> [What to do] The expected output is an exact copy of each line from the line with "A trail safety sign." through the end of the data below, with no pictures in it.

> [Records provided]
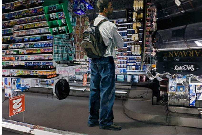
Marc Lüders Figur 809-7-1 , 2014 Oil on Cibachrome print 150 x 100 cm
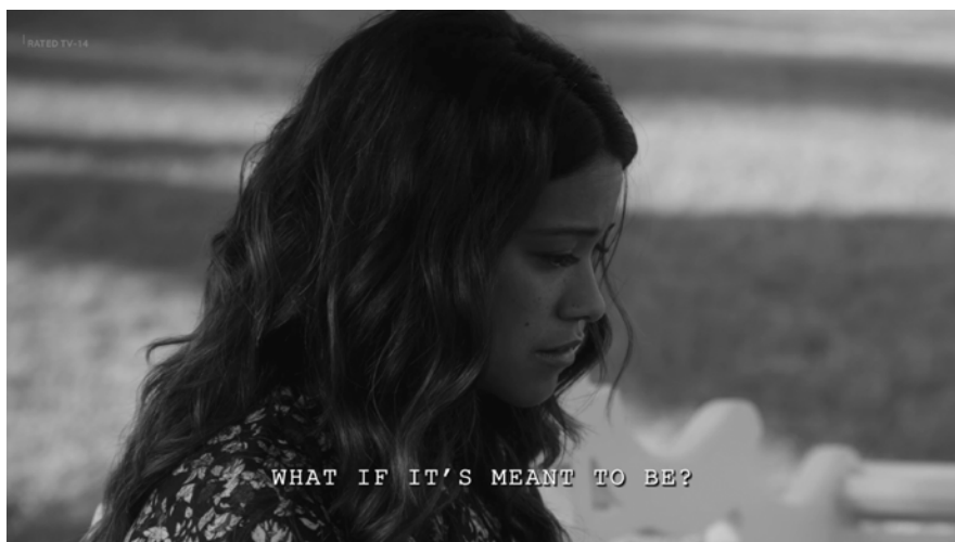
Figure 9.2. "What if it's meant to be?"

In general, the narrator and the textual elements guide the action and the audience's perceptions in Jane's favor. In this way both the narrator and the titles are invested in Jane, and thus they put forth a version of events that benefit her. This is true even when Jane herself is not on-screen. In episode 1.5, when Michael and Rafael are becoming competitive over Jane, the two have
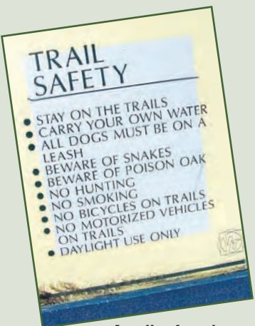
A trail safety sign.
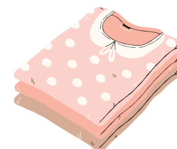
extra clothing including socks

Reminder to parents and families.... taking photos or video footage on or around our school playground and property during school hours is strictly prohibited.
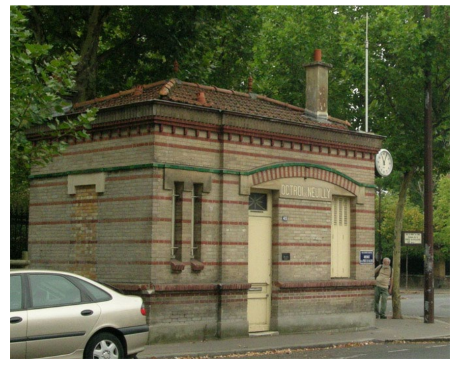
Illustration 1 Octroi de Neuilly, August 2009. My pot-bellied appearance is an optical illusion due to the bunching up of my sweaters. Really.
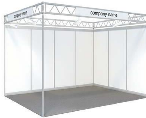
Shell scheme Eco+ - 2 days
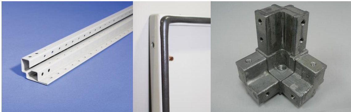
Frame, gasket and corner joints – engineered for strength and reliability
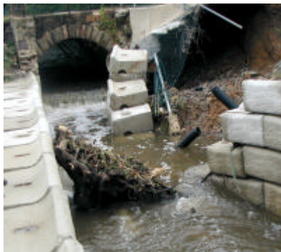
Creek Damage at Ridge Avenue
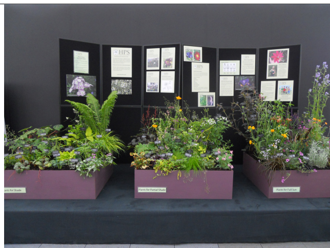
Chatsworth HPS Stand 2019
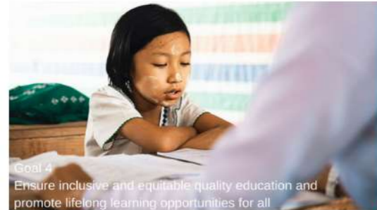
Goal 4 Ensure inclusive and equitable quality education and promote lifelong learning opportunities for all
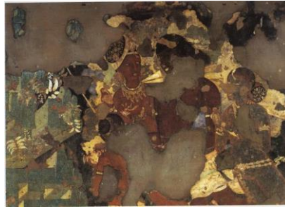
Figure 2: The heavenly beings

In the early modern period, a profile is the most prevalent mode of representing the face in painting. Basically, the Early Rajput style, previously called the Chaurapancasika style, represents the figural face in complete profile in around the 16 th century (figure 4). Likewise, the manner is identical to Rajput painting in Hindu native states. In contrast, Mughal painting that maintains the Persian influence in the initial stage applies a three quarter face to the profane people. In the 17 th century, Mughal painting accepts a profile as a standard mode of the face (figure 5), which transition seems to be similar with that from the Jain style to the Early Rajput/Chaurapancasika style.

> [Written response]
A trail safety sign.
extra clothing including socks

Reminder to parents and families.... taking photos or video footage on or around our school playground and property during school hours is strictly prohibited.
Illustration 1 Octroi de Neuilly, August 2009. My pot-bellied appearance is an optical illusion due to the bunching up of my sweaters. Really.
Shell scheme Eco+ - 2 days
Frame, gasket and corner joints – engineered for strength and reliability
Creek Damage at Ridge Avenue
Chatsworth HPS Stand 2019
Goal 4 Ensure inclusive and equitable quality education and promote lifelong learning opportunities for all
Figure 2: The heavenly beings

In the early modern period, a profile is the most prevalent mode of representing the face in painting. Basically, the Early Rajput style, previously called the Chaurapancasika style, represents the figural face in complete profile in around the 16 th century (figure 4). Likewise, the manner is identical to Rajput painting in Hindu native states. In contrast, Mughal painting that maintains the Persian influence in the initial stage applies a three quarter face to the profane people. In the 17 th century, Mughal painting accepts a profile as a standard mode of the face (figure 5), which transition seems to be similar with that from the Jain style to the Early Rajput/Chaurapancasika style.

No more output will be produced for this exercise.